_What is expected_. Below is a listing; write it out exactly and drop any images from it.

_Data to use_.
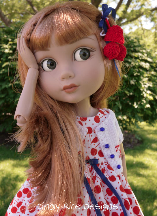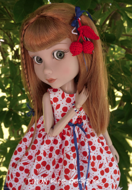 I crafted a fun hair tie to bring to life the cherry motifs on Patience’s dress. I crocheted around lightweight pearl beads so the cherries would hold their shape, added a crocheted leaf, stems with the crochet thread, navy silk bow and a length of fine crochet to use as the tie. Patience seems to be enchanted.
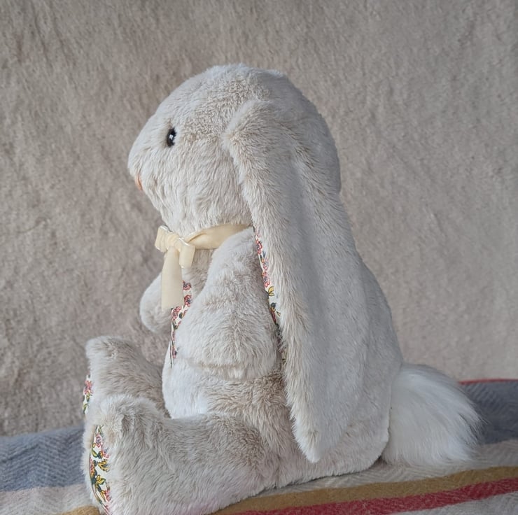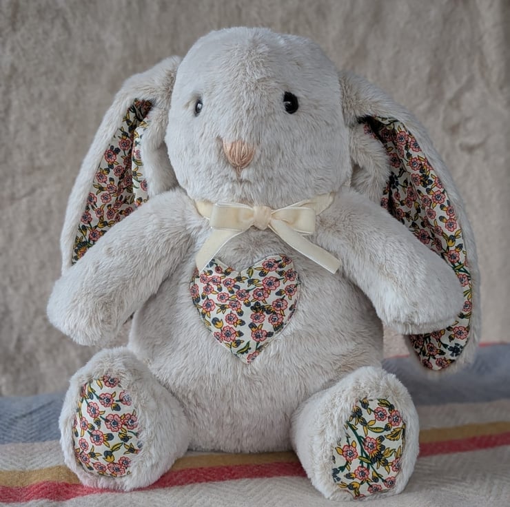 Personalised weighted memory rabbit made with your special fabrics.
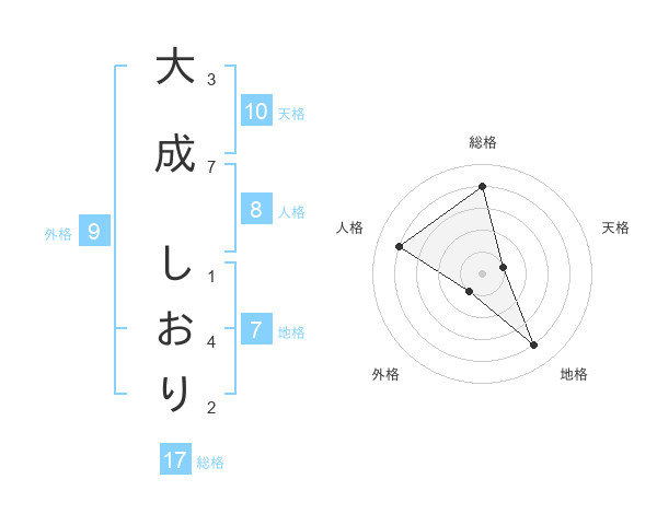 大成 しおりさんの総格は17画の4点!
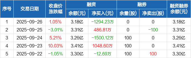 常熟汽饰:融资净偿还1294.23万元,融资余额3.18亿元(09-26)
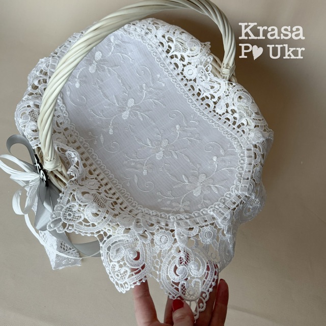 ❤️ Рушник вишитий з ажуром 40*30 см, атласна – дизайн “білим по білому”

_Response_.
 I crafted a fun hair tie to bring to life the cherry motifs on Patience’s dress. I crocheted around lightweight pearl beads so the cherries would hold their shape, added a crocheted leaf, stems with the crochet thread, navy silk bow and a length of fine crochet to use as the tie. Patience seems to be enchanted.
 Personalised weighted memory rabbit made with your special fabrics.
 大成 しおりさんの総格は17画の4点!
 常熟汽饰:融资净偿还1294.23万元,融资余额3.18亿元(09-26)
 ❤️ Рушник вишитий з ажуром 40*30 см, атласна – дизайн “білим по білому”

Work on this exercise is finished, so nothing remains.